What you should do - Where an image appears, leave it out; otherwise repeat the data exactly.

━━━━━━

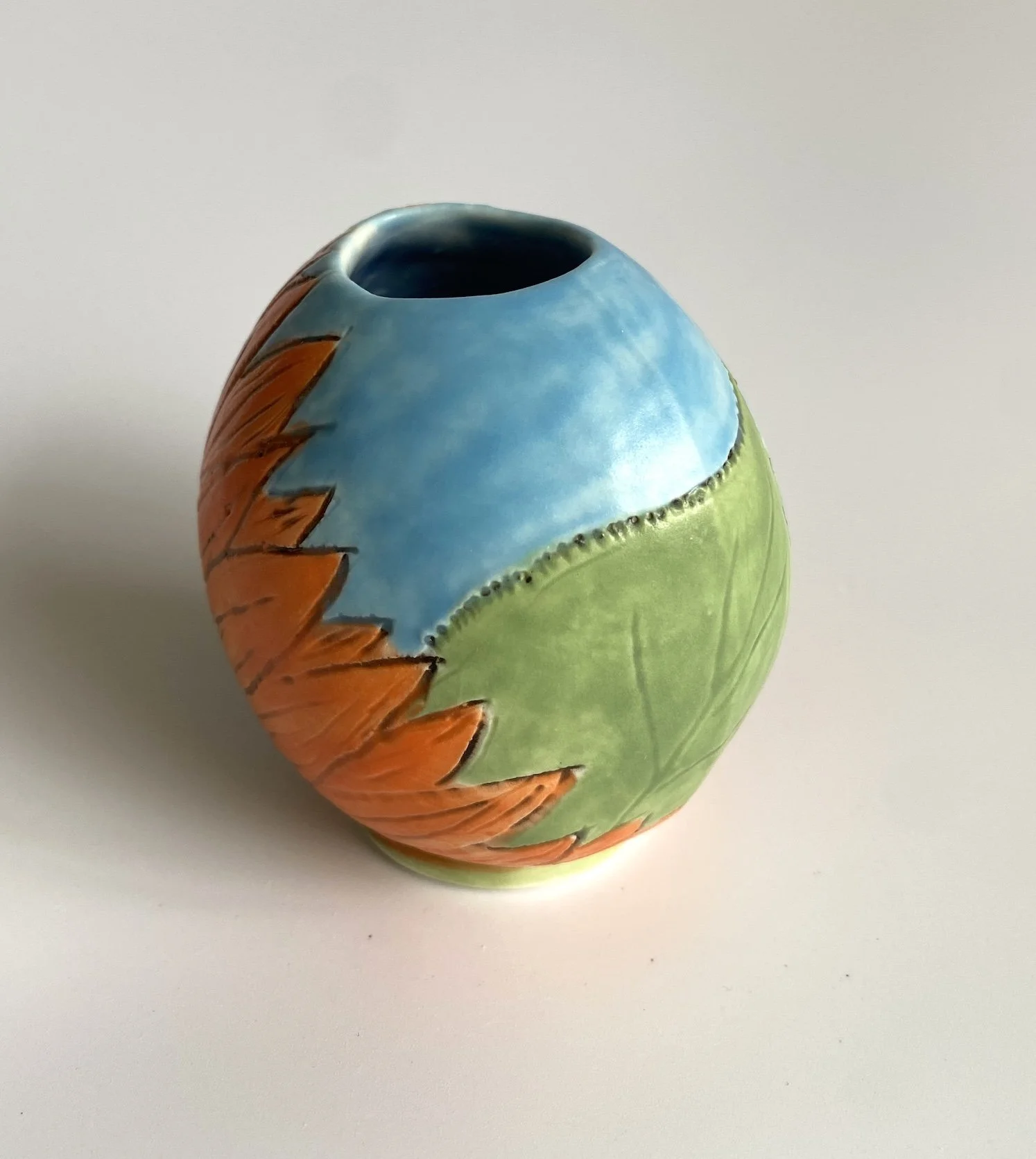 Bold, botanical, and bursting with colour—this mini vase is a fiery celebration of nature. Featuring a hand-carved echinacea design inspired by the vibrant 'Flamethrower' variety, it brings a burst of energy to any space. The rich glazes echo the striking tones of late-summer wildflowers, with warm, layered hues that stand out against its compact form.
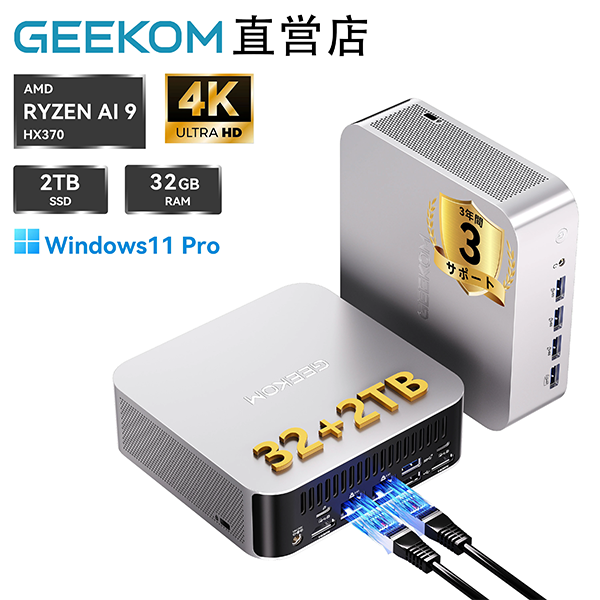 - GEEKOM A9 Maxは、最新のAMD Ryzen AI 9 HX 370プロセッサーとRadeon 890Mグラフィックスを搭載し、優れたパフォーマンスと豊富な接続性を実現しています。
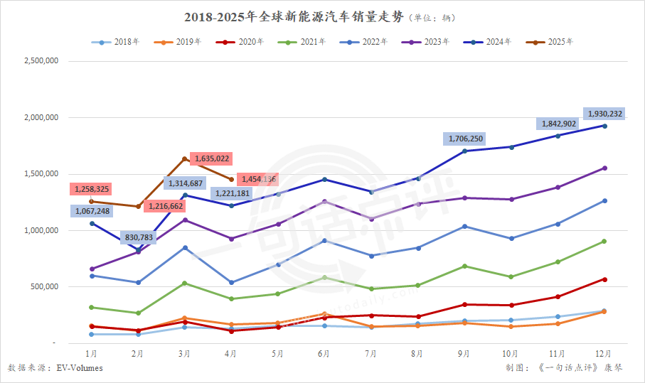 根据EV-Volumes的统计数据,4月全球轻型车(含轿车、SUV、MPV和皮卡)新能源销量同比增长22%至145.4万辆。其中,纯电同比增长26%至100万辆左右,插混则增长15%至约50万辆。
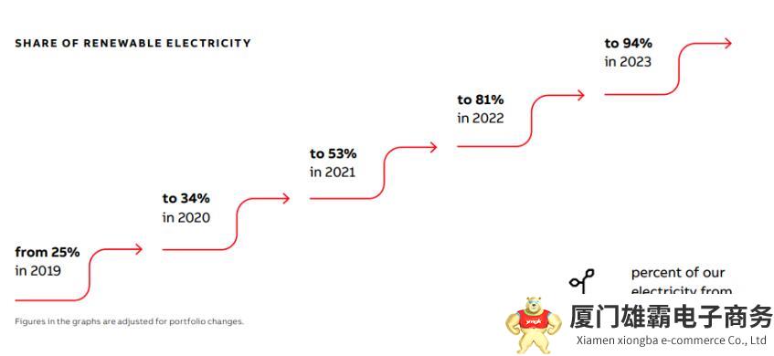 与2019年相比,ABB能耗降低了21%。到2023年底,ABB有64%的能源消耗和94%的电力来自于可再生能源。
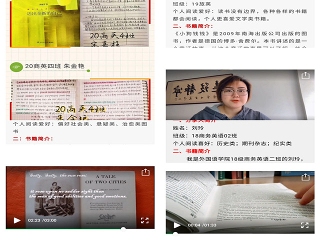 各班广泛积极宣传,同学们参与程度高,活动效果良好。在活动期间,同学们每天撰写读书心得和摘抄笔记,并在朋友圈进行拍照打卡。各班组建读书活动分享群,参与成员每天将朋友圈截图和手写笔记在群内进行分享,交流自己的读书心得和收获。假期期间,学院共收到读书文字、视频和音频作品近百篇,优秀作品在学院微信公众号上进行了推送,为同学们提供了交流学习和自我展示的平台。
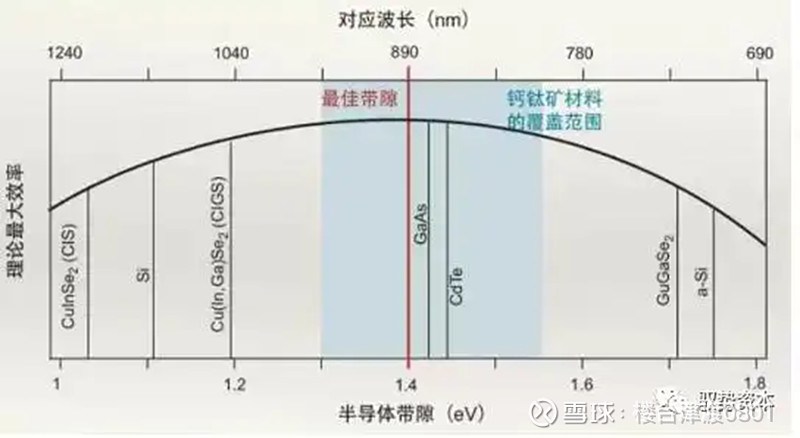在钙钛矿材料的带隙覆盖范围内,可实现单结太阳能电池最大理论效率。带隙是决定半导体利用太阳光能力的根本因素之一,因为不同频率太阳光的能量不同,窄带隙半导体的电子不能被长波光所激发,宽带隙半导体虽然可利用的光波范围广,但光子能量的利用率低,根据肖克利-奎瑟极限(Shockley–Queisser limit),单结太阳能电池的理想带隙应该为1.4eV,该带隙下太阳光能量转换为电能的转换效率为33.7%。相比之下,硅的带隙仅为1.12eV,理论转换效率为29.4%,因此钙钛矿电池在转换效率方面超过晶硅电池。
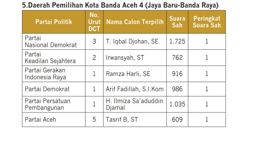 Tahun 2014 lalu, Caleg Nasdem asal Banda Raya dan Jaya Baru, Teuku Iqbal Johan mendapat 1725 suara yang merupakan satu-satunya caleg yang lolos BPP kursi se Banda Aceh.
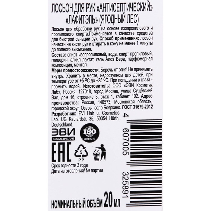 Лосьон применяется в качестве средства для быстрой санации рук. Незаменим везде, где недоступны вода и мыло: на природе, в поездках на автомобиле и городском транспорте, в общественных местах. Быстрая и эффективная дезинфекция рук без воды и мыла!
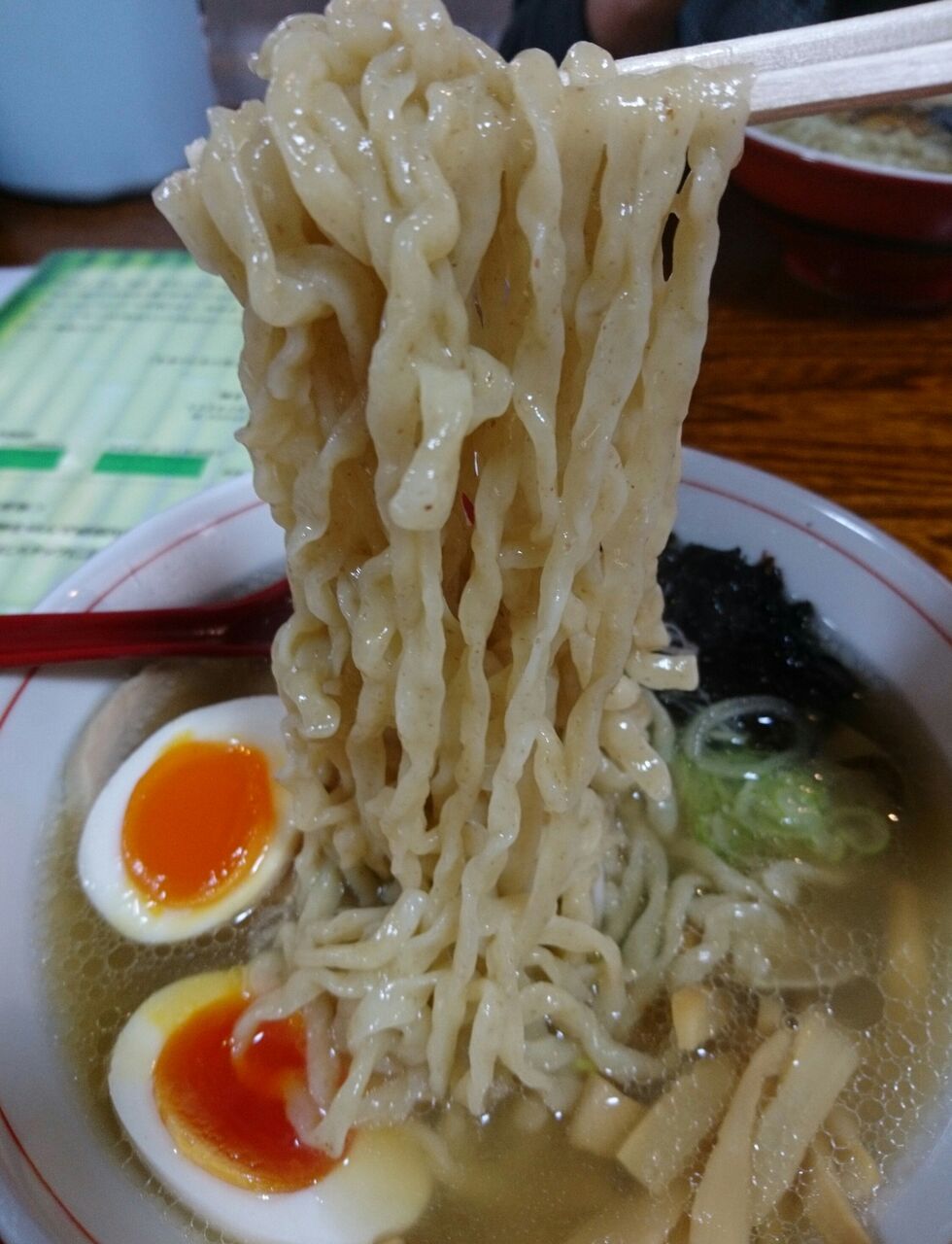 スープの印象は控えめだけど麺は食べごたえがありました。麺の美味しさを引き立てるためのスープといったバランス取りなのかもしれません。

━━━━━━

Written response -
 Bold, botanical, and bursting with colour—this mini vase is a fiery celebration of nature. Featuring a hand-carved echinacea design inspired by the vibrant 'Flamethrower' variety, it brings a burst of energy to any space. The rich glazes echo the striking tones of late-summer wildflowers, with warm, layered hues that stand out against its compact form.
 - GEEKOM A9 Maxは、最新のAMD Ryzen AI 9 HX 370プロセッサーとRadeon 890Mグラフィックスを搭載し、優れたパフォーマンスと豊富な接続性を実現しています。
 根据EV-Volumes的统计数据,4月全球轻型车(含轿车、SUV、MPV和皮卡)新能源销量同比增长22%至145.4万辆。其中,纯电同比增长26%至100万辆左右,插混则增长15%至约50万辆。
 与2019年相比,ABB能耗降低了21%。到2023年底,ABB有64%的能源消耗和94%的电力来自于可再生能源。
 各班广泛积极宣传,同学们参与程度高,活动效果良好。在活动期间,同学们每天撰写读书心得和摘抄笔记,并在朋友圈进行拍照打卡。各班组建读书活动分享群,参与成员每天将朋友圈截图和手写笔记在群内进行分享,交流自己的读书心得和收获。假期期间,学院共收到读书文字、视频和音频作品近百篇,优秀作品在学院微信公众号上进行了推送,为同学们提供了交流学习和自我展示的平台。
在钙钛矿材料的带隙覆盖范围内,可实现单结太阳能电池最大理论效率。带隙是决定半导体利用太阳光能力的根本因素之一,因为不同频率太阳光的能量不同,窄带隙半导体的电子不能被长波光所激发,宽带隙半导体虽然可利用的光波范围广,但光子能量的利用率低,根据肖克利-奎瑟极限(Shockley–Queisser limit),单结太阳能电池的理想带隙应该为1.4eV,该带隙下太阳光能量转换为电能的转换效率为33.7%。相比之下,硅的带隙仅为1.12eV,理论转换效率为29.4%,因此钙钛矿电池在转换效率方面超过晶硅电池。
 Tahun 2014 lalu, Caleg Nasdem asal Banda Raya dan Jaya Baru, Teuku Iqbal Johan mendapat 1725 suara yang merupakan satu-satunya caleg yang lolos BPP kursi se Banda Aceh.
 Лосьон применяется в качестве средства для быстрой санации рук. Незаменим везде, где недоступны вода и мыло: на природе, в поездках на автомобиле и городском транспорте, в общественных местах. Быстрая и эффективная дезинфекция рук без воды и мыла!
 スープの印象は控えめだけど麺は食べごたえがありました。麺の美味しさを引き立てるためのスープといったバランス取りなのかもしれません。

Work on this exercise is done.